Background: I live in a building inhabited by a lot of seniors. When they moved in they were younger mid 50’s Democrats. Now, they’re aging Democrats and fear and wincing registers across their faces as if they were wearing — not a yellow Star of David, but something worse, much worse. They’re suffering the humiliation of wearing a fading blue D encased in a circle, which best describes their voting habits.
For most of their lives, they’ve been encased in their own little blue circles, carefully shielded from conservatives. I don’t need shields. Some months ago, when I saw a notice posted in the mail room that a ‘discussion’ group would be forming to talk about local, topical, political headlines and concerns, I decided I would try it out for size. At that time, the give and take was, to use the term, “fair and balanced.” The moderator moderated and even was more than happy to share the direction and scope of the discussions with my input.

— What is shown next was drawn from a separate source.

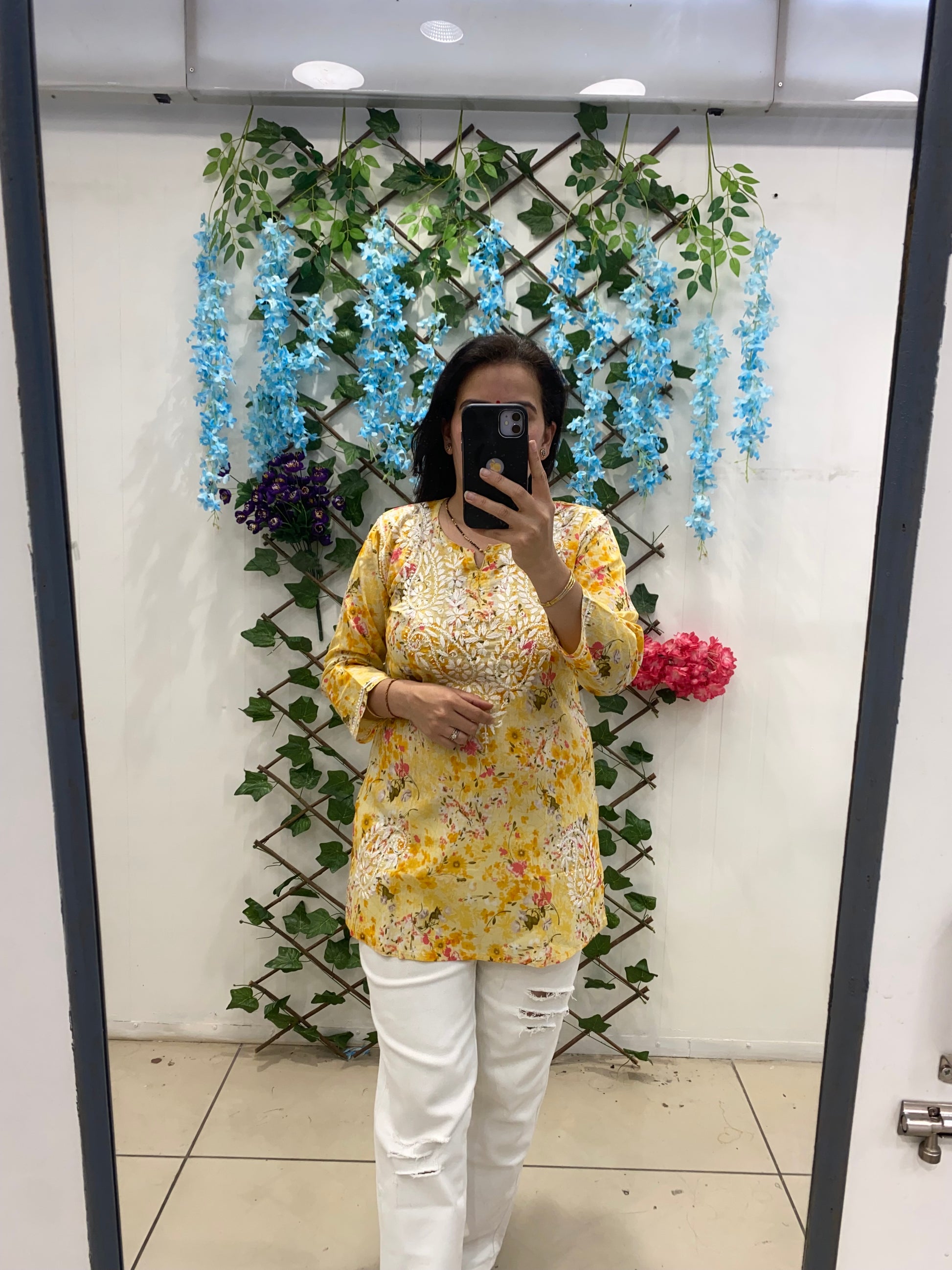 Expertly crafted in soft cotton and adorned with intricate chikankari embroidery, our Yellow Cotton Chikankari Kurti is a versatile addition to your wardrobe. Easily dressed up or down, pair it with white pants for a classic look or flared jeans for a modern twist. Elevate your style game with this must-have piece.

I was therefore looking forward to the first post election gathering (we’re about 15-25 people who meet twice a month) as a time to sit, listen and, yes, gloat a little to myself. Sadly, gloating was impossible when the moderator began by reading pure, unadulterated drivel from a “left wing rag.” That just got me mad. When I suggested that it was inappropriate, I was firmly told “don’t dominate the discussion.” Mr. Moderator went off the deep end. (And NO, I did not dignify his reaction with a comment at the time, but waited until the meeting ended and announced to friends of mine and within ear shot of Mr. Moderator’s wife just how incredibly rude and disgusting his behavior was.)

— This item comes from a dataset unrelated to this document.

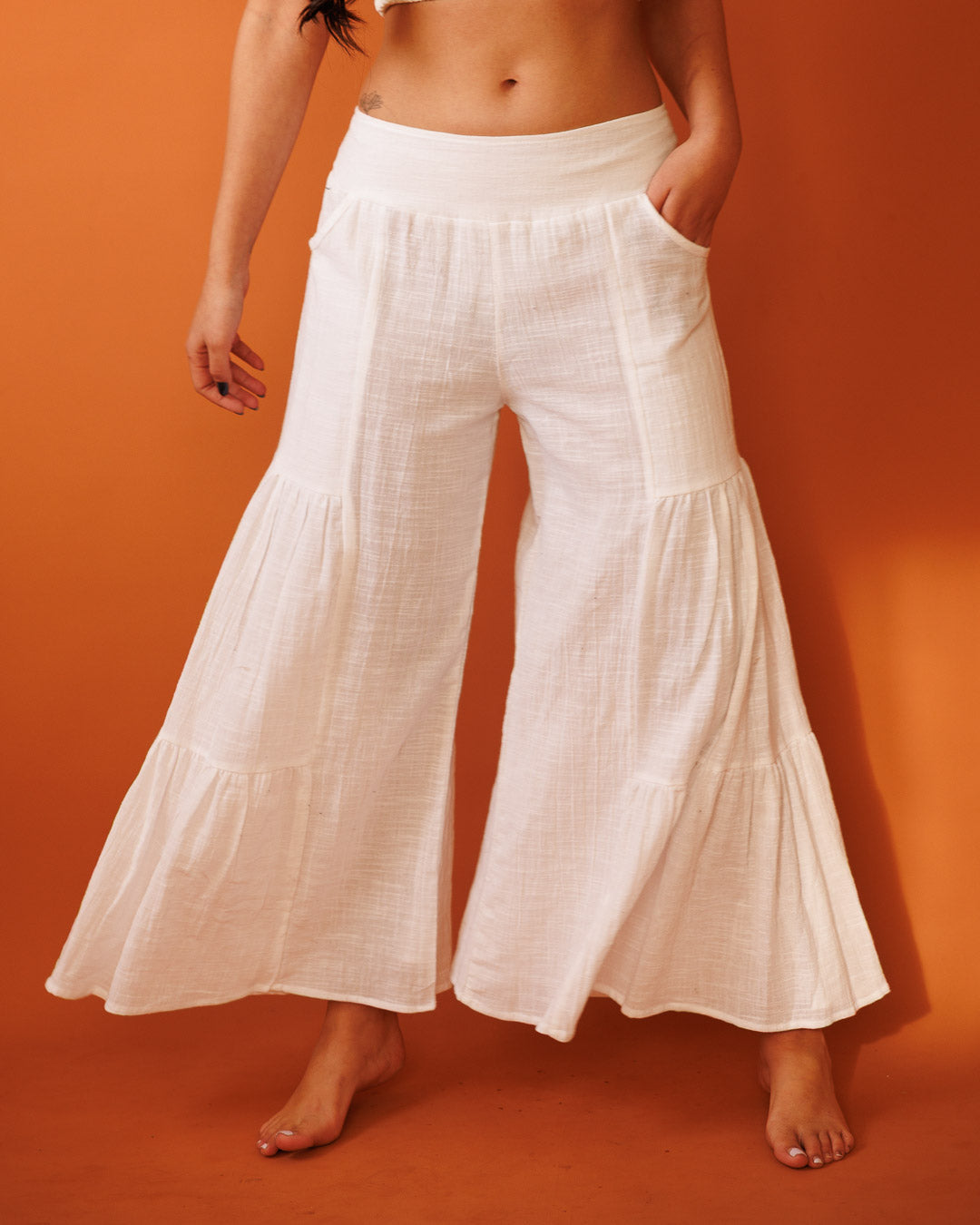 מכנס בוהו־אווירירי עם רגל רחבה ונפילה רכה, שמשלב נוחות של גומי במותן עם וייב רומנטי של מלמלות. פריט מושלם לימי קיץ, חופשות ופסטיבלים – קליל, זורם ומרים לוק בשנייה.

Not only did the Moderator hijack the discussion, which made me angry, I simply didn’t have the heart to gloat at the political “wake,” or in this case, since they were all Jews, a “shiva.” The most appropriate response to the group would have been to bring along a basket full of those black buttons mourners wear. They were beside themselves, blaming the loss on black voters, who did not turn out for Joe Sestak in Philadelphia, etc., etc. How quaint, how predictable. They’re beyond consolation that Pennsylvania went Republican.
Have your ‘blue’ friends and co-workers been exhibiting more/less passionate outbreaks of aggressive behaviors? Are they in need of a crisis management team? Are they stooped over, head held low staring at the tops of their shoes? And do you, like me, have the mildly compassionate urge to hide your gloating and send them a get well and get over it card.
[Bookworm here: To which I'll add that, though we are too good to gloat publicly, I hope that we never become so compassionate in the face of their despair that we're willing to abandon our principles just to make these weenies happy. Thanks for the lovely post, Sadie.]